6. INTERNATIONAL OLYMPIC COMMITTEE Universality is celebrated in the symbolism of the five intertwined rings of the Olympic Movement, which represent the five continents. This definition includes not only regions, but sports. A commitment to universality must drive the FEI’s efforts to create open access to horse sport for people from all cultures, from the very most basic grassroots level up to Olympic level, and through all sectors of society. This should be our mission as we aspire to deliver a service of excellence - and this must be our mission if we are to preserve our place within the Olympic family. The same philosophy must apply to our non-Olympic disciplines.

• I have delivered on my pledge to strengthen equestrian disciplines within the Olympic movement through becoming an elected IOC member. This appointment as an IOC member in 2007 has enabled me to build stronger links between the FEI and the IOC, and we have protected our status within the Olympic Family.

• On a case-by-case basis, upon request of the National Federations, we have worked on building solid ties between them and their respective National Olympic Committees.

• In order to strengthen the FEI’s relationship with the IOC Executive Board, we have built on the relationship that exists between the FEI Olympic Department and the IOC by seeking their advice on key issues and staying in close contact, especially in the event of crises needing effective management.

• We have made sure that we are seen to be helpful to the IOC at all times and have worked tirelessly to ensure that horse sport falls in line with all their requirements, that it is clean, transparent, cost effective and safe.

• The delivery of an expanded communications team at the FEI has ensured a more proactive communications plan for the IOC press offices and media outputs.

• Elective pre-screening at Hong Kong demonstrated the FEI’s commitment to put judicial and anti-doping issues at the heart of our technical activity at the Olympic Games.

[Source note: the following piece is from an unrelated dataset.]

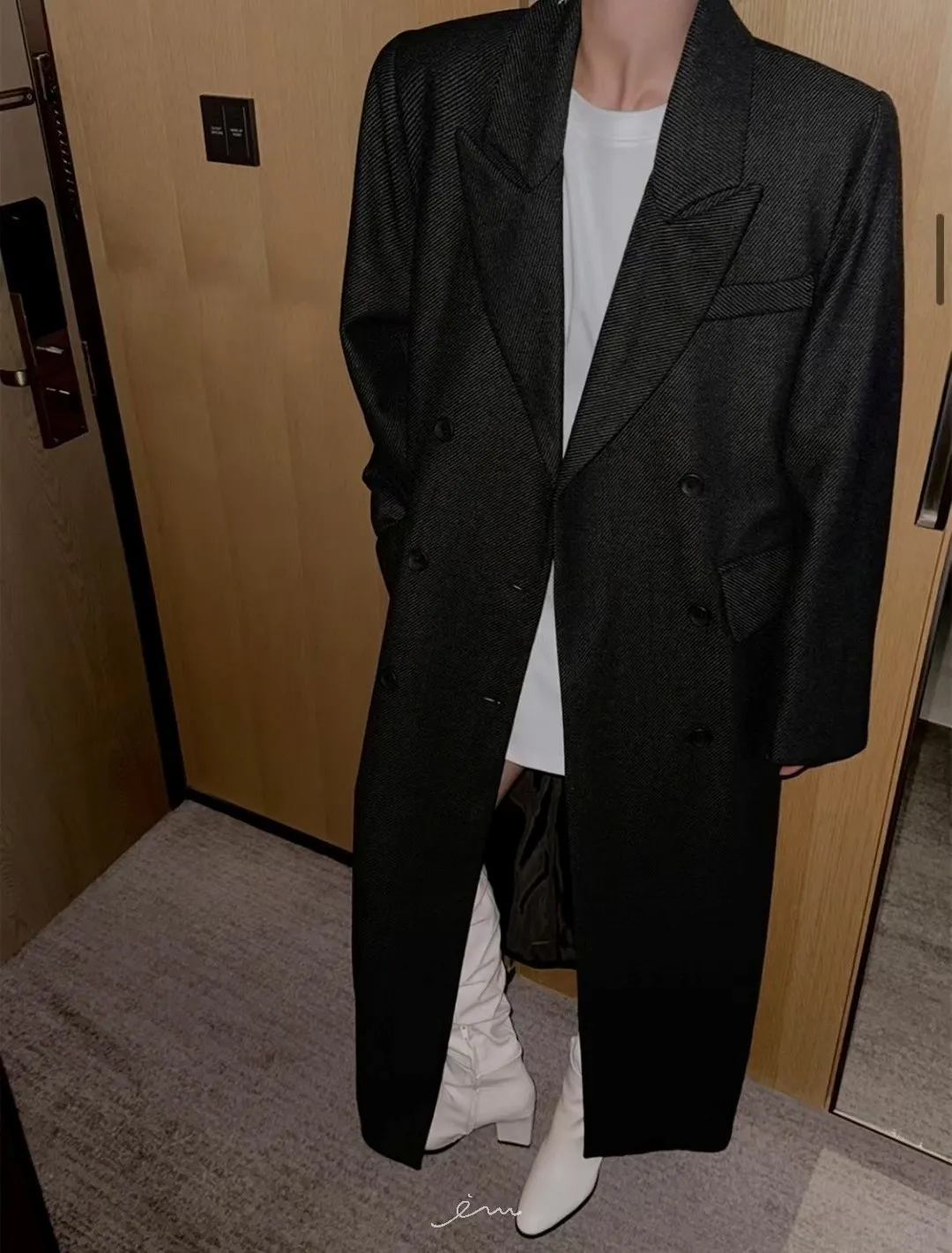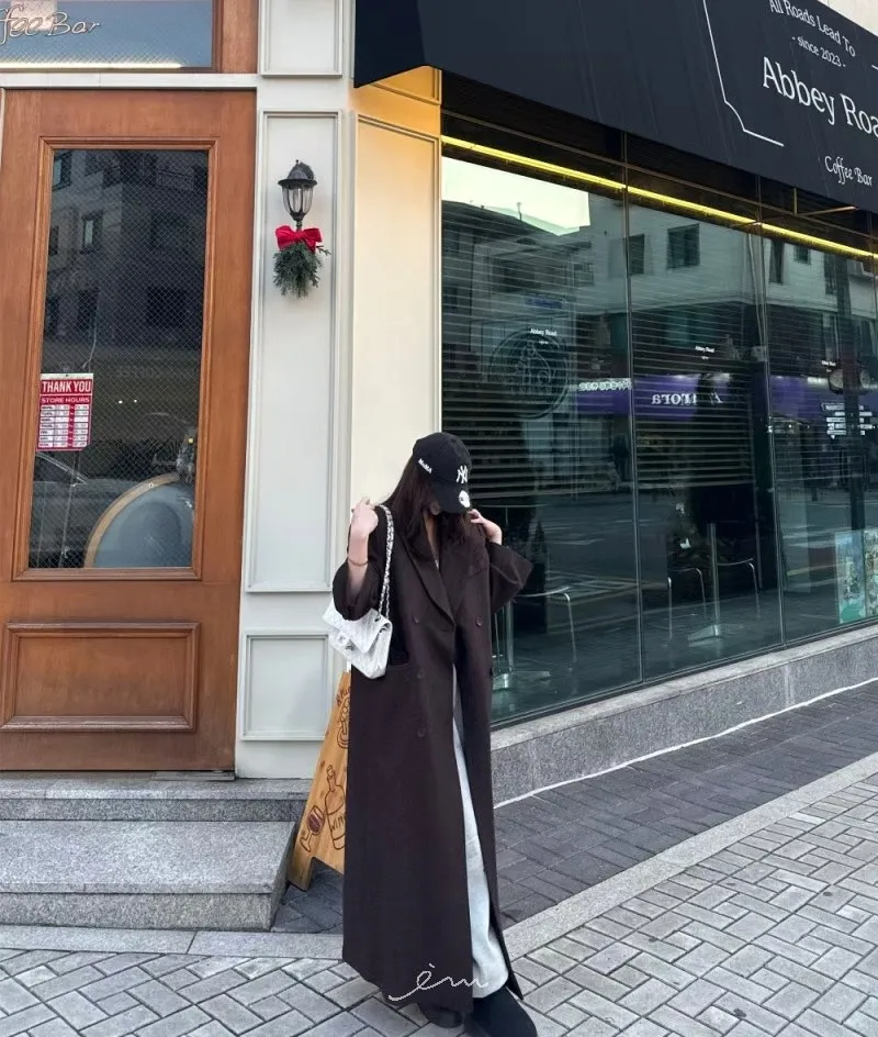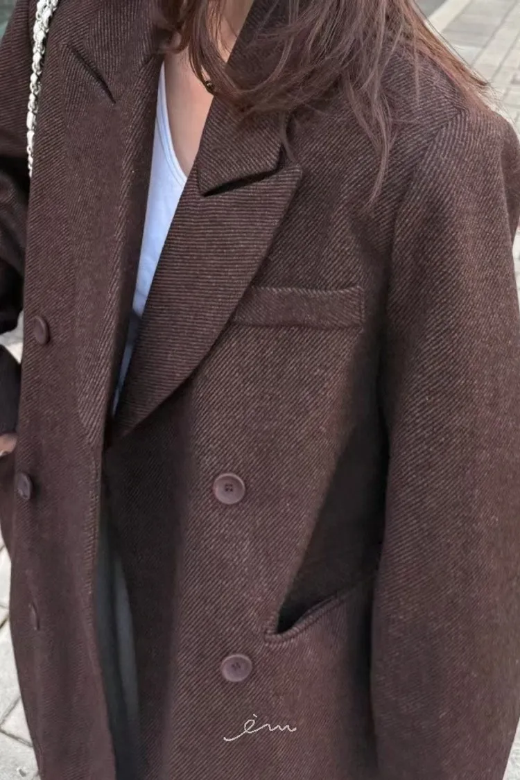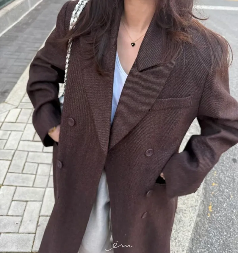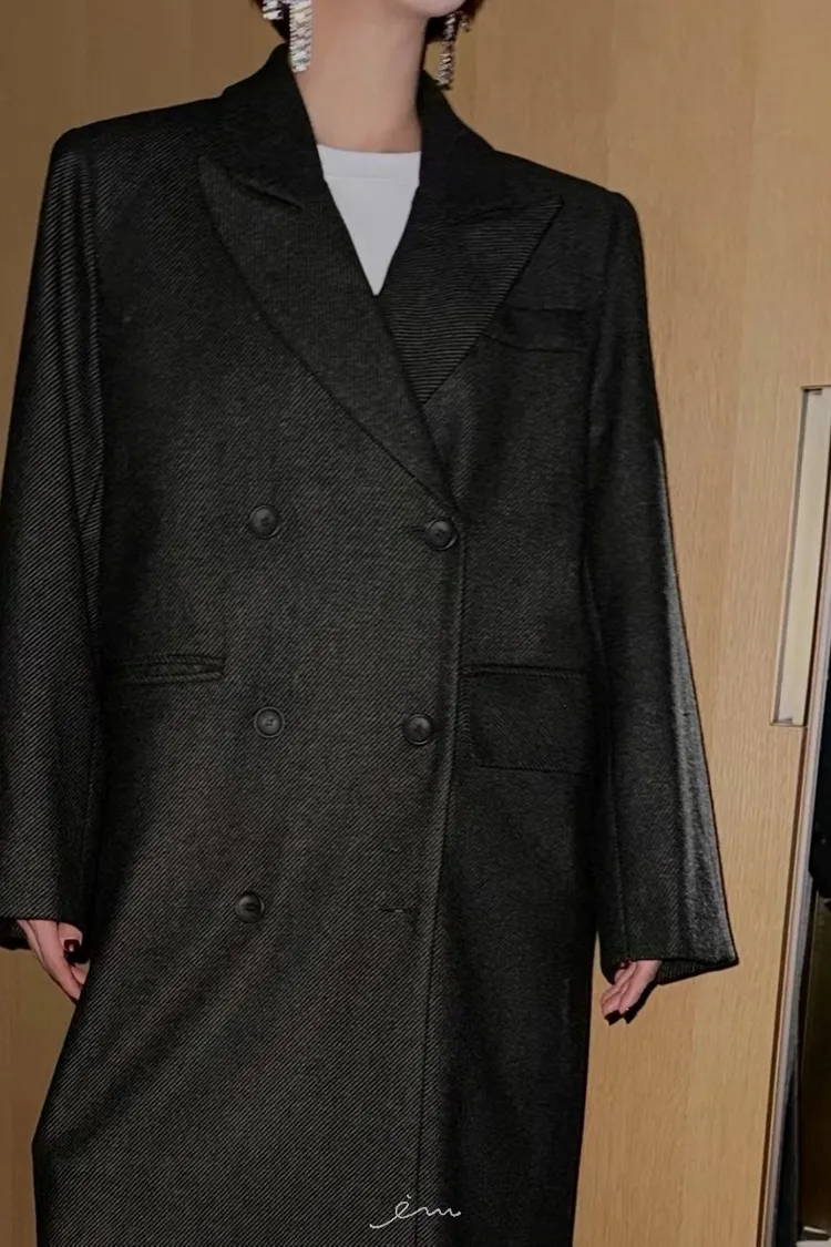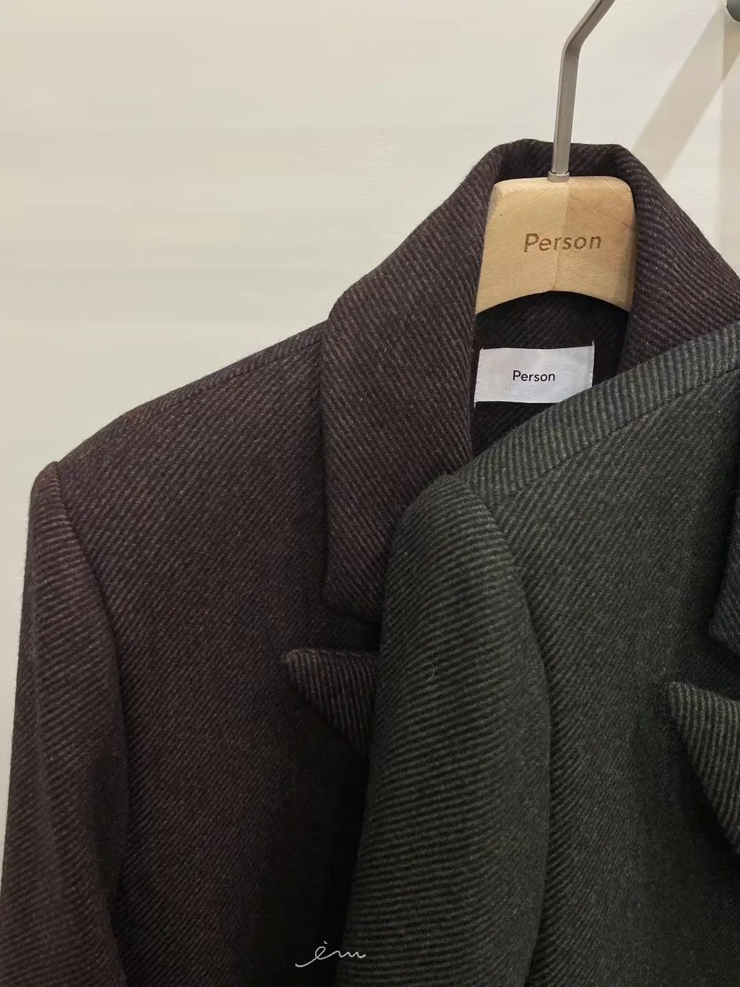 PER羊毛50雙排釦後開岔西裝式大衣

We also had YOG horses screened before they left Australia, put provisional suspensions in place and set up our Integrity Unit.

• During my tenure, for the first time, the Bureau and Group Chairs were asked to consider the bids for the allocation of 2016 Olympic Games, and I voted as an IOC member as per the wishes of the Group Chairs and Technical Chairs that form our Bureau, demonstrating the FEI’s commitment to ensure that we produce the best possible facilities for the National Federations.

• In order to create a celebration of horse sport within the Olympic movement, we have delivered an interactive museum in the new FEI headquarters building, the Inspire Photo Exhibition, and the Year of Youth, as well as the introduction of rider graphics and statistics on television and scorecards.

• During the past four years, FEI headquarters staff has increased proactivity and cooperation with the IOC and other International Federations, resulting in shaping the FEI as a trusted partner in the Olympic network.

• The FEI headquarters staff increased its attendance of sport seminars in Lausanne, and the FEI is now seen as much more of a leader among Olympic Sports Federations, taking a role in International Federation forums and other panels. This increased proactivity has resulted in much positive feedback from other International Federations and the IOC. The FEI is no longer working in isolation.

FEI GOVERNANCE NATIONAL FEDERATIONS [unused quote from the Around The Rings interview]: The FEI Sports Forum is very important to us as it will open up a new channel for dialogue with our members. Rule changes, which are crucial for all our disciplines, were always handled though a very formal “paper” procedure which did not allow for a direct exchange of ideas. There was no place where we could talk about sports matters with our members and stakeholders face to face and I felt as if we were divorced from our sport. I very much hope that void will be filled by the Sports Forum.

We would like to know the views of our members, to bring transparency and speed to the decision-making process, to make it more open and democratic, and to ultimately serve our members in the best possible way. The Sports Forum is a great addition to the calendar, it is an avenue for speedy, yet sound, decisions. It will help us address the challenges of the future as a team.